Minecraft Session and Identity Detection

To reduce false positives, session or account path detection requires:

the token to appear inside a Java string literal such as session.json, launcher_accounts.json, or .minecraft
file I/O usage in the same file such as new File(, Paths.get(, Files.read..., FileInputStream(, or FileReader(

This helps avoid import-only or UI text being misclassified as file access. If outbound HTTP is also present in that file, an additional high-severity signal is raised for possible exfiltration.

The scanner also flags a high-severity indicator when user identifiers are read and outbound HTTP appears in the same file:

Username reads: method_1676(), getName(), getUsername()
UUID reads: method_44717(), GameProfile.getId(), Session.getUuid(), and mapped or Yarn variants
Outbound HTTP markers: discovered host URLs, HttpClient.send(...), OkHttpClient.newCall(...), HttpURLConnection

If any username or UUID read appears with outbound HTTP, the tool emits possible_minecraft_identity_exfiltration with the source location and evidence.

Expanded alias coverage includes:

Session presence or access: method_1548(), getSession(), getUser(), net.minecraft.client.util.Session, new Session(...)
Username access: method_1676(), getName(), getUsername()
UUID access: method_44717(), getProfileId(), getUuid(), GameProfile.getId()
Token access: method_1674(), getAccessToken(), session.getAccessToken()

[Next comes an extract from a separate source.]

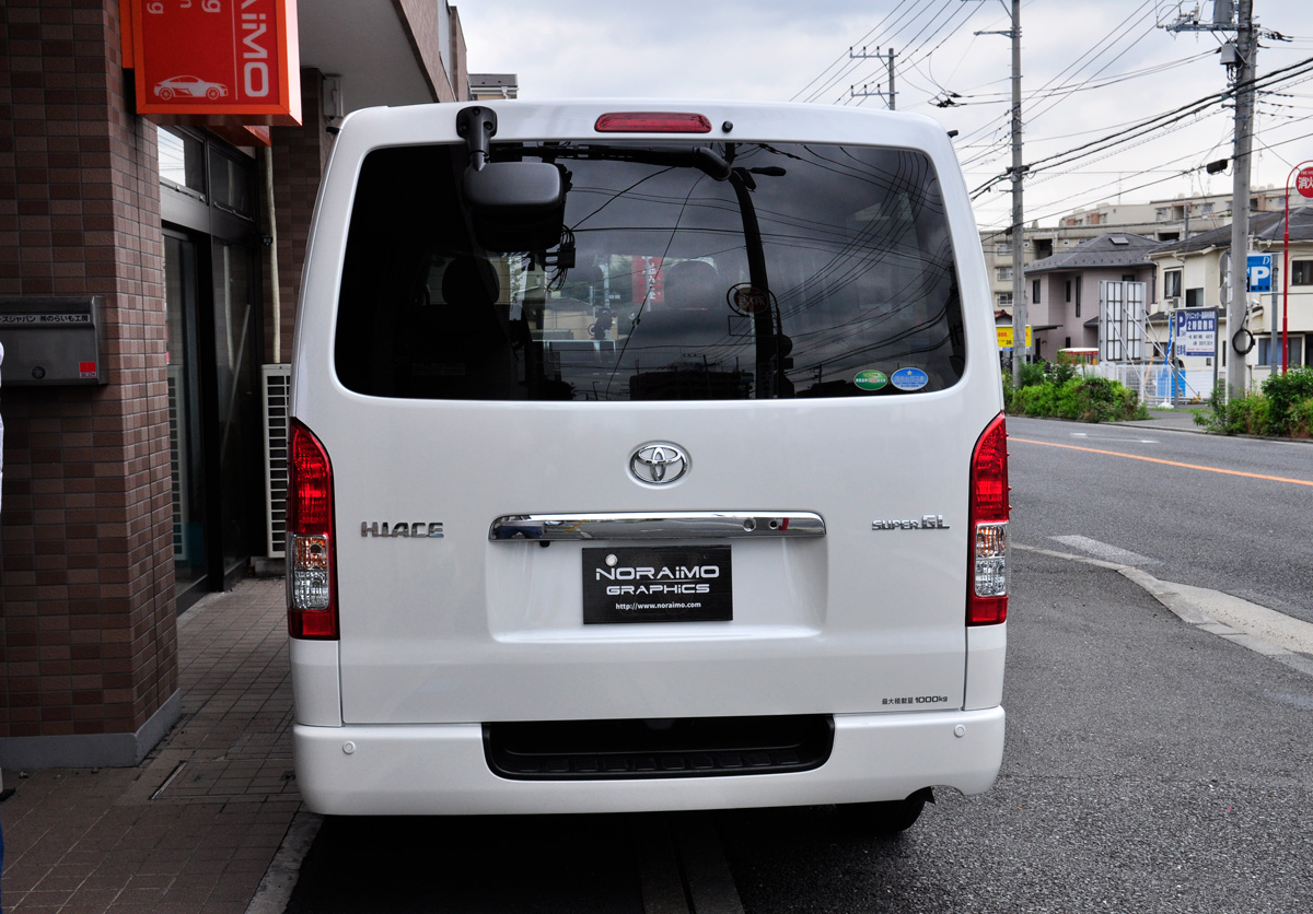 まだ走行34㎞の新車のハイエースのフロント・両サイド・リアにそれぞれカッティングステッカーやフルカラーステッカーの貼付け施工をしていきます。

JLab Static Scan Enrichment

When enabled, Java Triage will attempt to upload the original source JAR/ZIP to:

https://jlab.threat.rip/api/public/static-scan

Behavior details:

Enabled by default (--jlab-static-scan)
Can be disabled with --no-jlab-static-scan
Requires network access (disabled by --no-network)
Upload target priority:
- source JAR metadata path/name fallback for directory scans that originated from a JAR
- scan root file if internal analysis root resolves to a .jar/.zip
Size and format guardrails:
- only .jar/.zip are uploaded
- max upload size handled by the tool: 50 MB

Returned data is stored under jlab_static_scan in JSON and rendered in Rich/HTML reports, including:

upload metadata (filename, size, status)
rate-limit metadata when available
matched signature count and signature rows (severity, id, name, description, type, count, match preview)

Executive Summary

The tool can generate an AI executive summary using either OpenAI or DeepSeek.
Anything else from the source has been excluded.